It’s natural to wonder how past financial choices impact your mortgage application. While repaying credit promptly generally helps your credit score, payday loans are a different story for mortgage lenders.

Here’s why applying for a mortgage with payday loans in your history can be a red flag:

Payday loans are designed as very short-term solutions with exceptionally high interest rates.

The payday loan trap: A quick look
To put the difference in perspective:

  • A typical loan of £2,000 with a standard 20% APR would mean repaying £2,400 over a year.
  • Payday loans, however, apply extremely high interest rates monthly, often with a representative APR of over 1,000%, and if extended, the costs can escalate dramatically and quickly lead to a cycle of debt.

Lenders often see payday loans as a sign of financial strain or a reliance on last-resort borrowing, which can make them hesitant.

We understand that sometimes these loans are a quick fix for an immediate need. However, they’re typically not a sustainable long-term solution. Our aim is to help you navigate this and explore your options with clarity and support.

Getting a mortgage with payday loans: Why lenders see a problem

The problem is down to why people take out payday loans in the first place. If you take out finance to buy a car, and pay the loan back in prompt instalments over the course of two or three years as agreed, then this demonstrates you can budget, plan and manage your expenses against your income.

However, if you take out a payday loan, it’s seen as a sign that you’ve become desperate for funds and aren’t able to manage your money. Paying it back on time as agreed might help your status in the eyes of another credit lender, but this is not the case with mortgage lenders. Home loan providers apply their own criteria to applications and your credit history, it will be a red flag to them if you’re applying for a mortgage with payday loans on your report.

The purpose of payday loans was to enable people access to money very quickly when they needed it. Borrowing money in this way might have been unavoidable or for reasons beyond your control, but a lender would view this as a sign that you had no contingency plan, and therefore were in a weak financial position. This does not inspire them with confidence to lend you money.

As a higher lending risk, you’ll be viewed as someone who may not be able to make their mortgage repayments in full or on time. This is why it will negatively impact your credit rating, and ultimately affect your application for a mortgage with payday loans on your record.

Our advice is to always avoid taking out payday loans, and to take steps to put things in place so that you never need to think about resorting to them. This will go a long way to showing mortgage lenders that you are responsible with money, and able to plan ahead for the unexpected.

To make sure that payday loans do not become part of your life, or your credit history, it’s worth looking into all the alternative options to a short-term cash boost that could harm your credit score. Especially, your chances of getting a mortgage with payday loans on your record.

Some of the ideas here are long-term, but all of them will help you engineer a situation where you’ll have no need to use a payday loan.

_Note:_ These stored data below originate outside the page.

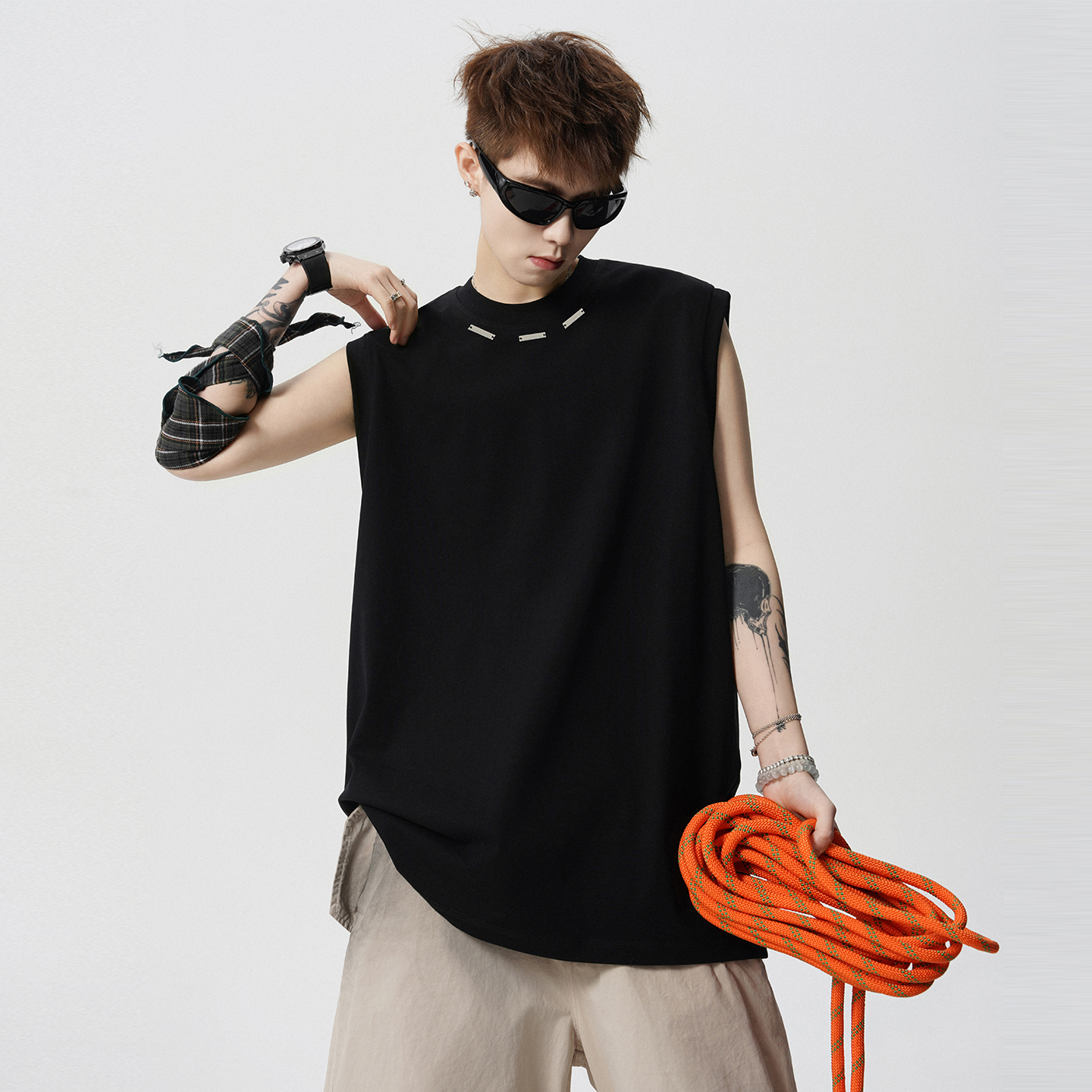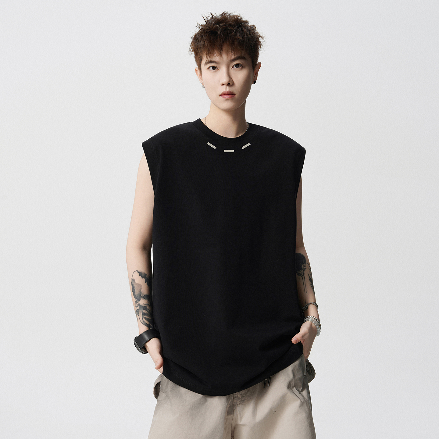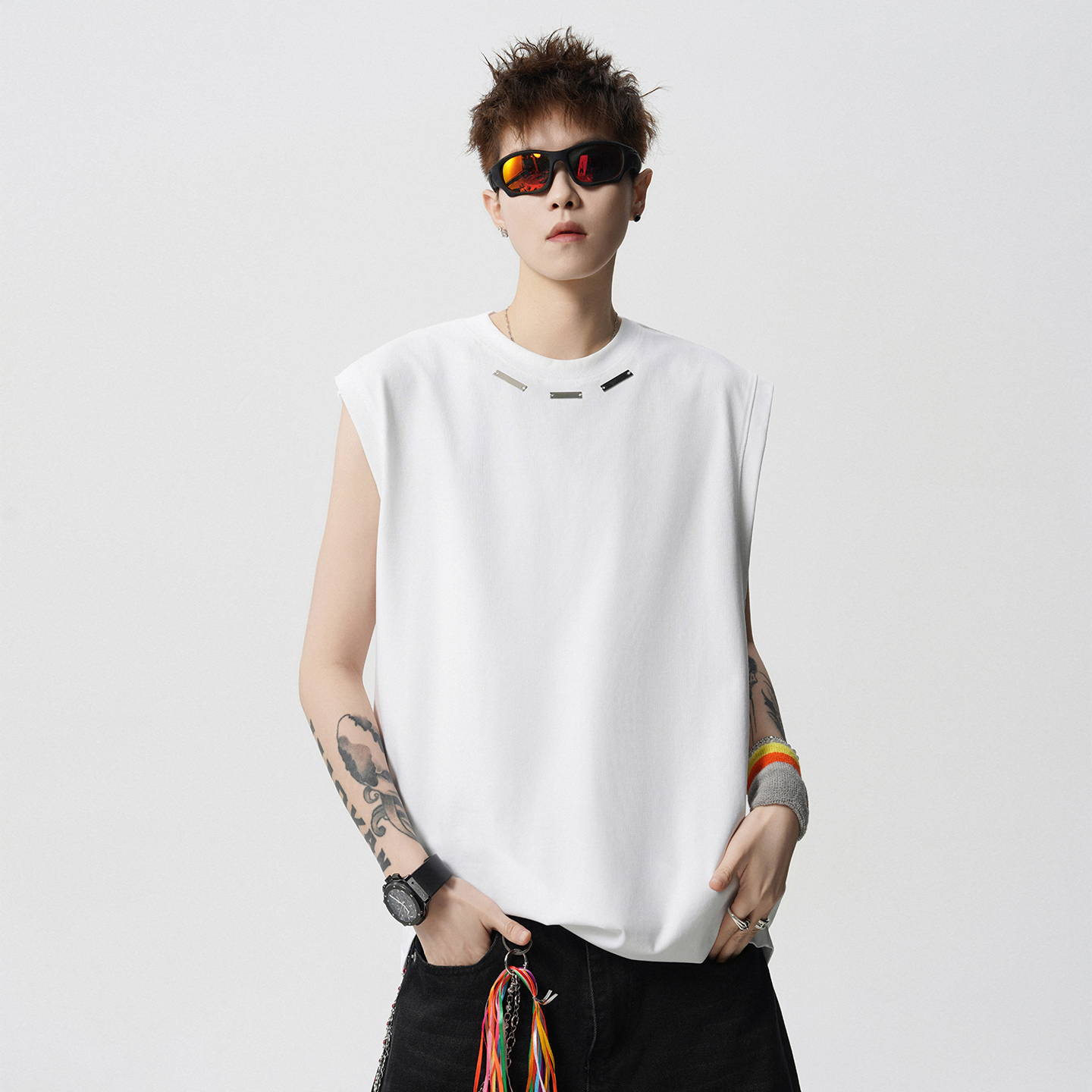 宽松运动无袖 新款 T恤 重磅设计感钢标白色坎肩背心男秋季 V37美式
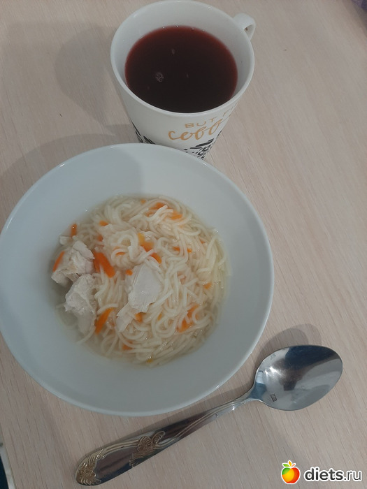 Мой обед: суп куриный с вермешелью (257 гр) и вишневый компот.
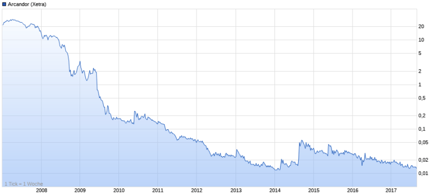 Bestes Beispiel für den Kursverlauf einer Pleite-Aktie ist Arcandor: Vor acht Jahren ging der Handelskonzern mit seinen Töchtern Karstadt und Quelle in die Insolvenz. Die Aktie notiert noch immer an der Börse. Sie kostet heute 0,01 Euro.
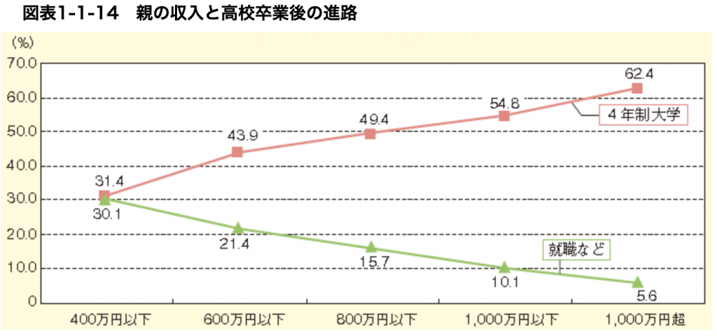 年収400万円以下の家庭では、就職と4年生大学に進学する割合が30%とほぼ同じです。
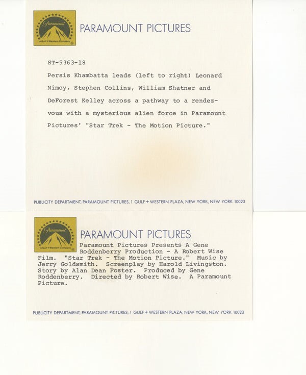 Star Trek The Motion Picture William Shatner, DeForest Kelley, Leonard Nimoy, Stephen Collins, Persis Khambatta Original 8x10 Photo wiht Snipe 1979 Near Mint Condition This item is an ORIGINAL 8x10 photo from the historic archives of Silver Screen Mementos. This original photograph was made in the actual year the film, television show or event was produced. The movie studios produced publicity photographs for distribution to the press, photo agencies and publicity departments to advertise the film/tv show or event. Very often original photos have press release information on the reverse of the photo - movie credits, description of the scene, event and people involved. This is a historic piece of cinema art and is being offered from one collector to another, no rights given or implied. Silver Screen are gradually releasing thousands of Original Photographs, Transparencies, Negatives, Lobby Cards, Posters, Magazines and other memorabilia from our historic archive.
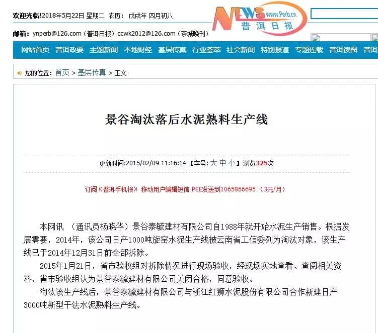 另?yè)?jù)《普洱日?qǐng)?bào)》2015年2月9日消息,景谷泰毓建材有限公司原生產(chǎn)線建設(shè)規(guī)模為日產(chǎn)1000噸旋窯水泥生產(chǎn)線。在2014年被列為淘汰對(duì)象,于2014的12月31日前全部拆除。且于2015年1月驗(yàn)收通過(guò)。淘汰該生產(chǎn)線后景谷泰毓建材有限公司與浙江紅獅水泥股份有限公司合作新建日產(chǎn)3000噸新型干法水泥熟料生產(chǎn)線。
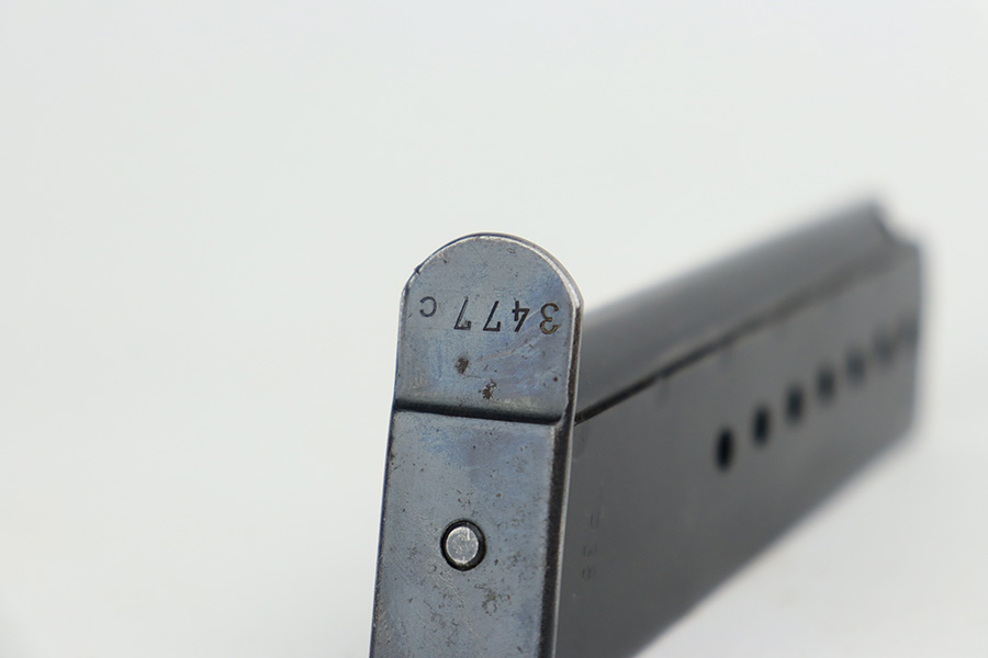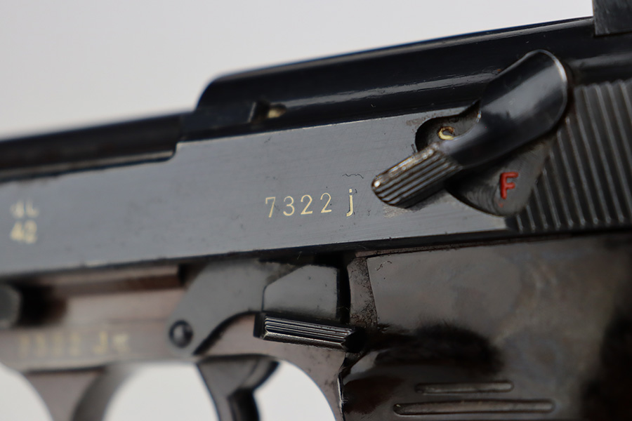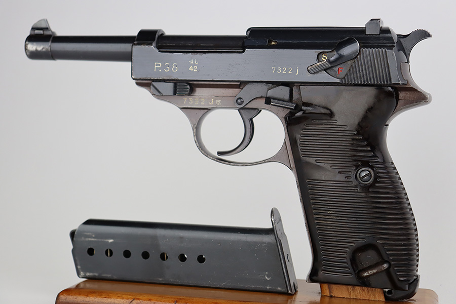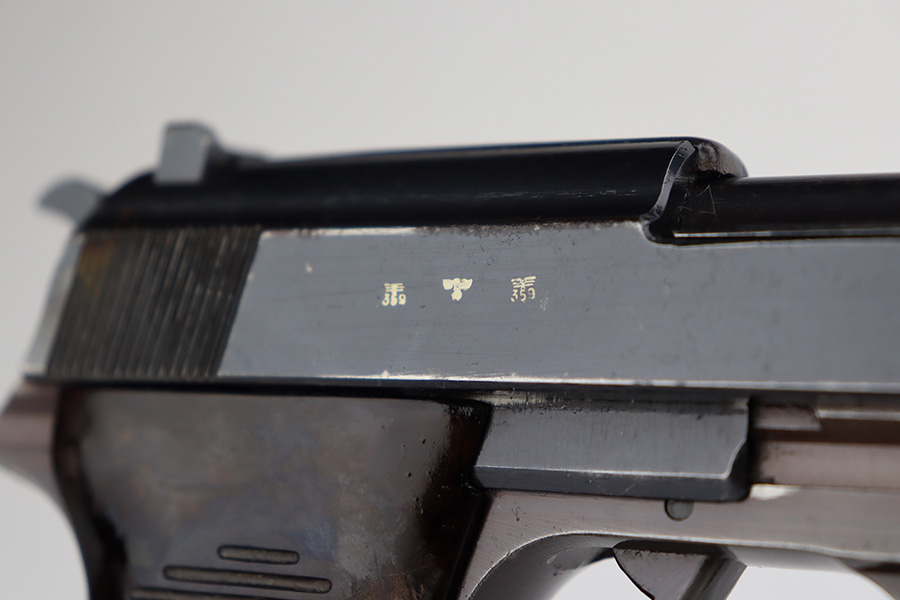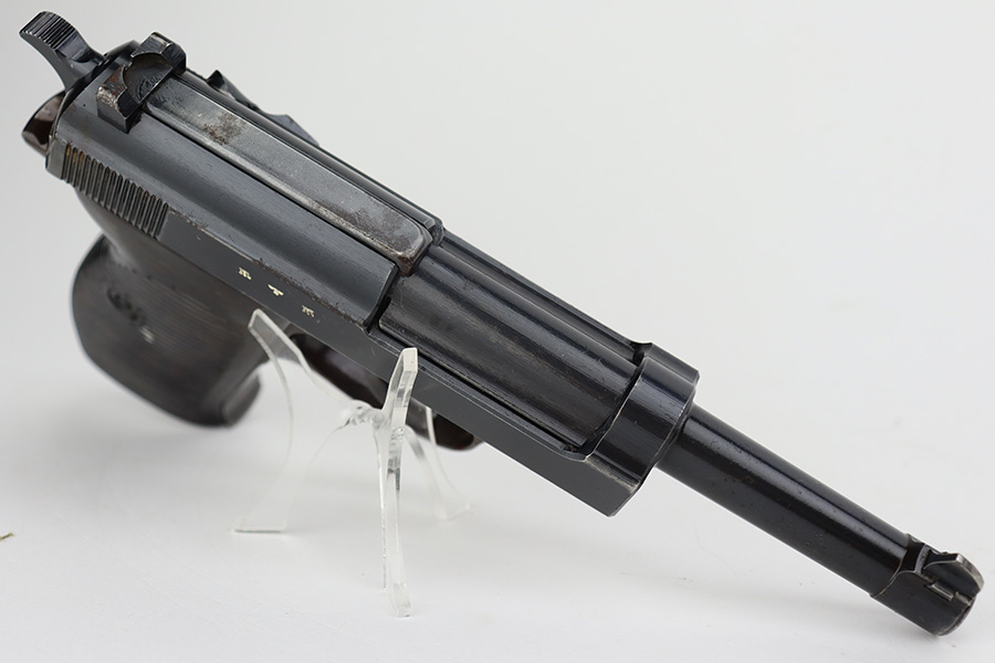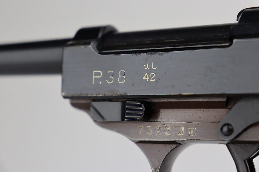 8/21/23 – This is a very nice example of an AC 42 Walther P.38 issued to the Nazi military in 1942. It is all matching with the proper “Eagle 359” military acceptance proofs throughout. It has retained roughly 85% of its original finish. The majority of the finish loss is on the front strap. There is minor wear around the muzzle and some areas of minor pitting and oxidation on some of the high edges of the slide and on the top strap. The frame has a nice plum color to it. Fitted with excellent period-correct blackish-brown bakelite grips and comes with a numbered but mismatched magazine. The bore has strong rifling with minor freckling throughout. De-cocker is functional.
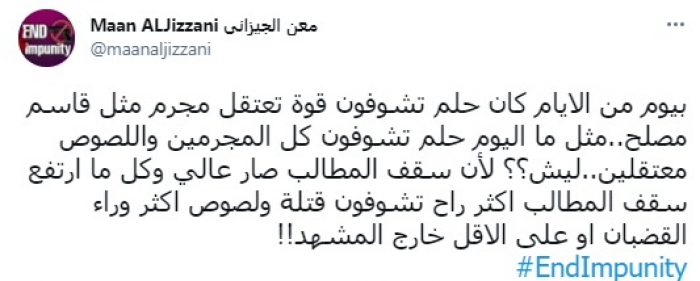 وقال في تغريدة عبر "تويتر" رصدها "المشهد العربي": "بيوم من الايام كان حلم تشوفون قوة تعتقل مجرم مثل قاسم مصلح..مثل ما اليوم حلم تشوفون كل المجرمين واللصوص معتقلين..ليش؟؟ لأن سقف المطالب صار عالي وكل ما ارتفع سقف المطالب اكثر راح تشوفون قتلة ولصوص اكثر وراء القضبان او على الاقل خارج المشهد".

  1. Watch out for overspending – Take a look at all your outgoings and look for opportunities to save money. Maybe skip those daily ‘artisan’ coffees, pack a lunch rather than buying food all the time, cancel an unused gym membership or magazine subscription, cycle to work instead of using the car, go for ‘own brand’ options at supermarkets (they’re often made by the same people anyway)… the list goes on.
  2. Use credit cards less often, but more wisely – If money is short, resist the temptation to put more payments on your credit cards and add to your debts. If you’re paying off the minimum each month and interest is adding up, you are only setting up a trap for yourself in the future, especially when you hit your credit limit. The best thing to do is to try to pay off existing credit card debt (by adding a little extra on each payment if you can’t pay it all at once), so you save money on interest fees too, and then use your credit card for expenses that you know you will be able to repay in full at the end of each month. This will help to build a positive credit report, and you’ll have less financial liabilities as well.
  3. Find ways to increase your income – it may seem simplistic, but the most straightforward way to improve your cash flow and savings is to somehow increase your income. Could you take on some freelance work, or ask for some overtime? Perhaps you have things you can sell, or could start a side-line for specialist items on eBay? Or maybe you could find a second, part-time job, or perhaps push for a promotion or pay rise in your current work? Would a competitor (perhaps one closer to home) offer a better-paying position? There could be a few more options, but if you are able to increase your income remember not to also increase your spending accordingly. Use the extra money to pay off any debts or add to your savings – it might come in handy for a deposit.

Can I get a mortgage after a payday loan?

The short answer is yes, you can, but other factors will come into play. Not least among these is time – how long it has been since you needed to use a payday loan will have an effect on your credit score. As mentioned before, the older the bad mark on your credit history, the less weight they will carry with any decisions by a lender, with all adverse credit events dropping off your history after six years. This is true for all kinds of bad credit events, from CCJs (County Court Judgements) to discharged bankruptcies, default notices and IVAs (Individual Voluntary Arrangements).

Different lenders will take a different attitude towards a mortgage with payday loans, with some declining an application from an individual who has used one only recently, while others will turn down anyone who has used payday loans at all.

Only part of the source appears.